I have the black Eco Complete substrate, and its looking a little... well, boring lately. I was wondering if anyone here has sprinkled blue gravel on top of it, and if it looks good. I am trying to imagine how it would look, but I think it would make the plants and fish pop even more. If you've done it, how thick do you sprinkle it? Just a few here and there, or a bit more heavily? (Not to cover the black completely, just to add a bit of interest is what I'm thinking). Pics would be great too!


----------



## Summer (Oct 3, 2011)

I'm more for a natural looking tank, so I wouldnt do it personally. Maybe some earth tone gravels--tans browns and whites would make things pop more without ruining the natural look, unless that doesnt bother you. It is your tank afterall and you should make it look any way you want.


----------



## Marci99205 (Dec 13, 2011)

I did the ecco complete with blue and a little green,it's looks good, but it all depends what you like I'm wishing I would have gone with sand now


----------



## holly12 (Apr 21, 2011)

I'm for natural as well, so maybe more earthy tones like Summer suggested. But, if you really like fun and funky then go for it! That's the beauty of fish tanks - they are all different.


----------



## seaecho (Jan 31, 2012)

Looked at two tone light/medium blue gravel today since I was at Petco. Still not sure. Marci, why are you wishing you went with sand? I imagine plants might stay rooted better in sand? That's another problem--I didn't get enough of the Eco Complete, and its only about an inch and a half deep, and my anacharis and water wisteria keep popping out, and its driving me crazy.


----------



## holly12 (Apr 21, 2011)

Your Anacharis will probably always pop out no matter how deep your substrate is.... it's notorious for doing so, and many of us have had the same problem. I have fairly deep substrate and could NEVER keep the stuff planted. It will do fine floating - if you don't mind it floating around the top.


----------



## Marci99205 (Dec 13, 2011)

seaecho said:


> Looked at two tone light/medium blue gravel today since I was at Petco. Still not sure. Marci, why are you wishing you went with sand? I imagine plants might stay rooted better in sand? That's another problem--I didn't get enough of the Eco Complete, and its only about an inch and a half deep, and my anacharis and water wisteria keep popping out, and its driving me crazy.

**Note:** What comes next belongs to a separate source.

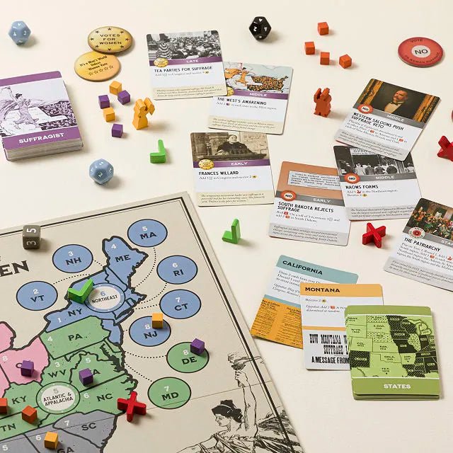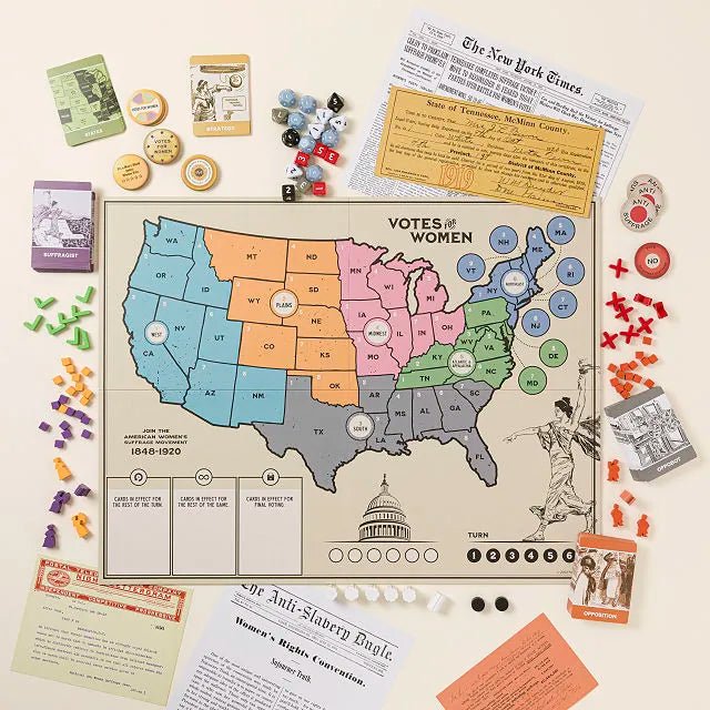 Votes for Women captures and celebrates the struggle by inviting players to join the suffrage movement, organize support, and campaign for victory across the 48 states that were called to ratify the 19th Amendment in 1919-1920. The card-driven game can be played cooperatively, competitively, or in solitaire mode, and in each version players must navigate the historic events, movement schisms, and political challenges of the era to win. The board is simple to set up and the artwork is inspired by the classic designs used by suffragists themselves.

 I wish I would have went for a more natural look.


----------



## snail (Aug 6, 2010)

If you decide you don't like it after it will be almost impossible to remove. I would rather add larger decor to jazz things up then you can move it around or take it out when you want. I think you'll find as your plants grow in the substrate won't look so boring. Think about something like moss to cover more substrate. But as said if it's what you really want go for it.


----------



## snail (Aug 6, 2010)

I like to browse the aquascape competition entries for ideas. This is the kind of 'natural' style a lot of us are after. I'm not at quite the same level but end up with results I'm happy with.
2011 AGA Aquascaping Contest - Aquatic Garden, 60L ~ 120L
Contest Gallery 2011


----------



## SuckMyCichlids (Nov 5, 2011)

Sand has definetly been my favorite


----------



## seaecho (Jan 31, 2012)

I really like the way anacharis looks, and didn't realize others had the same problem with keeping it in the substrate. I decided against the blue substate. I think the black will be more interesting once the plants start growing and getting fuller. Don't know if I'll be successful with my basic LED lighting, but I just ordered a Corkscrew Val, Anubias nana petite (wish I'd gotten two) and a Echinodorus parvifloris tropica sword last night. Going to get some Flourish Root Tabs tomorrow. Can't wait until they get here!


----------